Kind of. Before I had top surgery I hadn't ever had any kind of surgery, but was noticably scarred from many years of self harm. As well as from acne on my face. Prior to top op I thought getting the double incision scars wouldn't bother me cause I was already scarred, but oh well.

I did get bothered by them post-op, cause they were a lot bigger and darker than all my other scars together and I have very light skin that made the contrast even worse.

It took about a year after op for me to become okay with those scars, as they faded and I got used to them being there. Now they barely bother me at all, but I still get a bit self conscious about them possibly outing me.
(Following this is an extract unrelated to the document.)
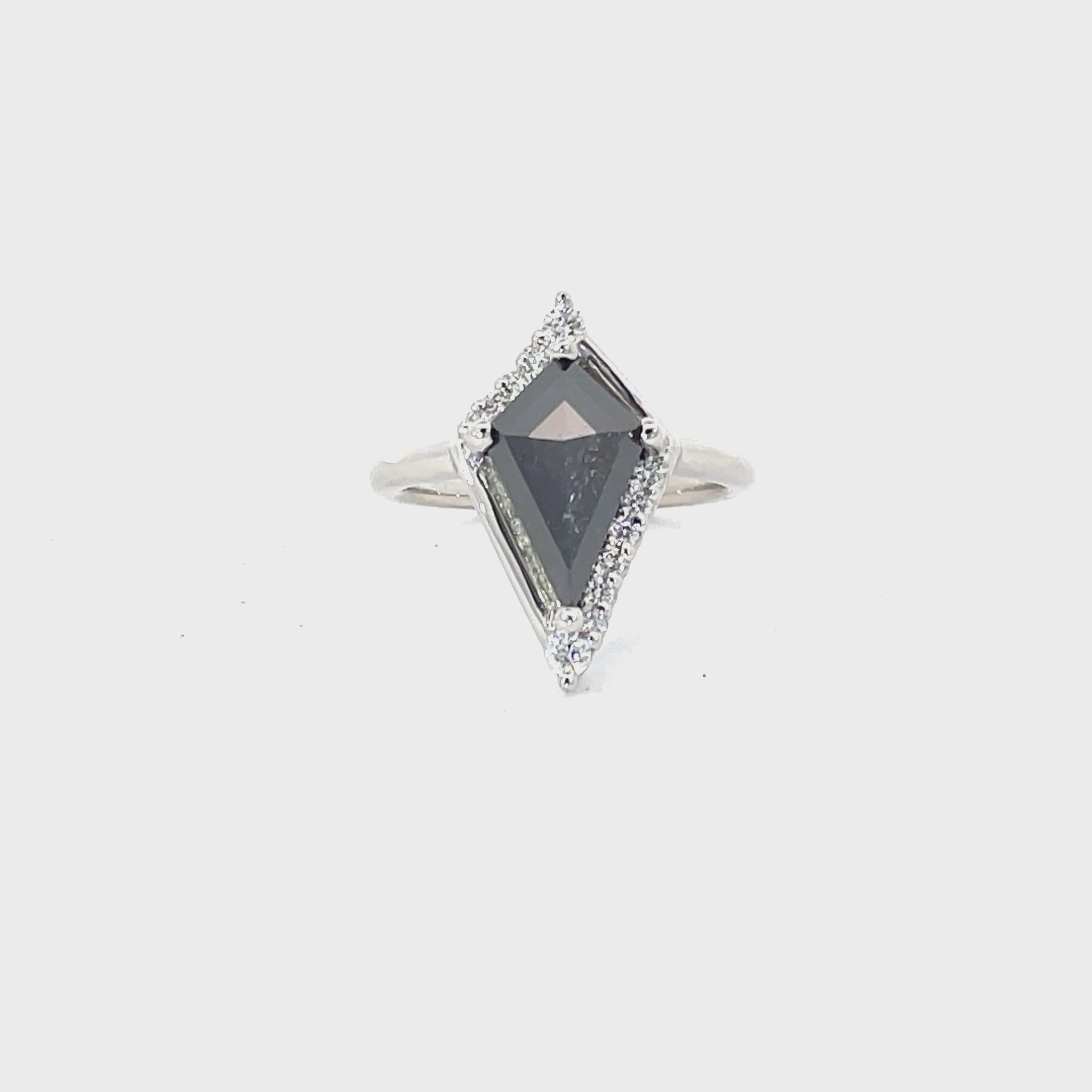 This exquisite ring features a striking Kite-shaped black diamond, elegantly framed by a halo of sparkling white diamonds. Set on a sleek white gold band, this piece exudes sophistication and modern elegance, making it the perfect ring for any occasion.
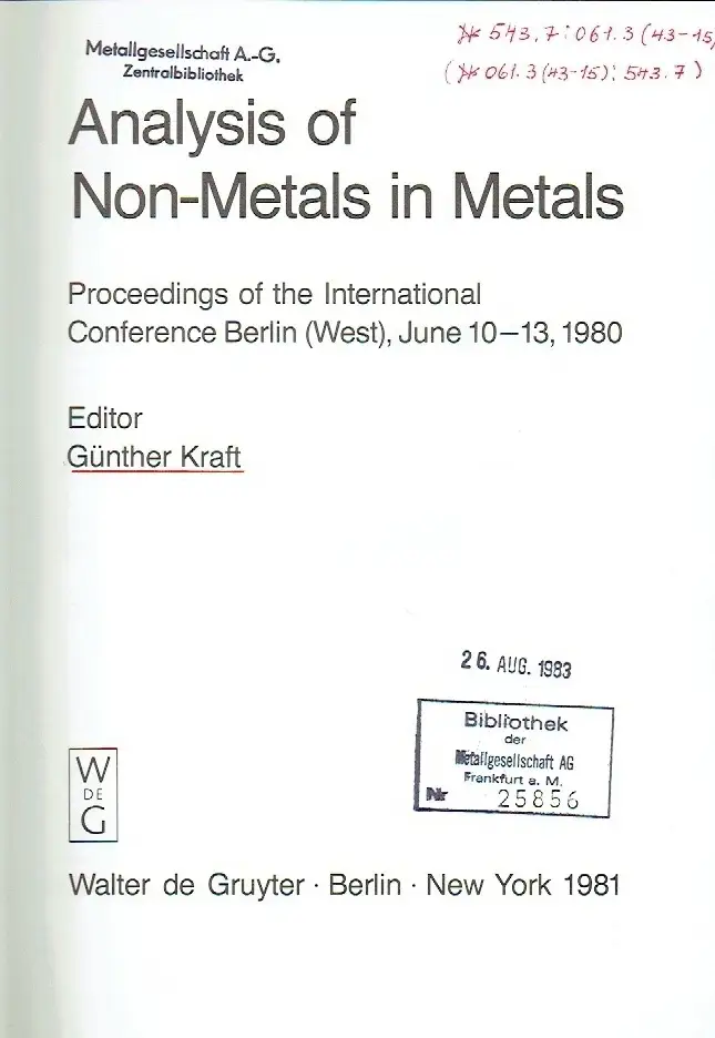 Analysis of Non-Metals in Metals Proceedings of the International Conference Berlin (West) ... 1980.

I've though about tattoo but don't know what or how.

I'm less bothered about getting scars from my hysto in the future, even if I'll get a bigger abdominal scar, cause I have very thick and dark hair there so it would likely be quite well hidden. For further lower surgery I'm getting meta which doesn't leave much of any visible scarring, compared to phallo that leaves much more scarring like on graft/donor sites.

I've quit cutting/burning myself by now, btw. Quit 3 years ago, but existing scars do stay, although they don't bother me much either these days. They're just a part of my body.
Mar. 2009 - came out as ftm
Nov. 2009 - changed my name to John
Mar. 2010 - diagnosed with GID
Aug. 2010 - started T, then stopped after 1 year
Aug. 2013 - started T again, kept taking it since
Mar. 2014 - top surgery
Dec. 2014 - legal gender marker changed to male
*
Jul. 2018 - came out as cis woman and began detransition
Sep. 2018 - stopped taking T and changed my name to Laura
Oct. 2018 - got new ID-card

Medical Detransition plans: breast reconstruction surgery, change legal gender back to female.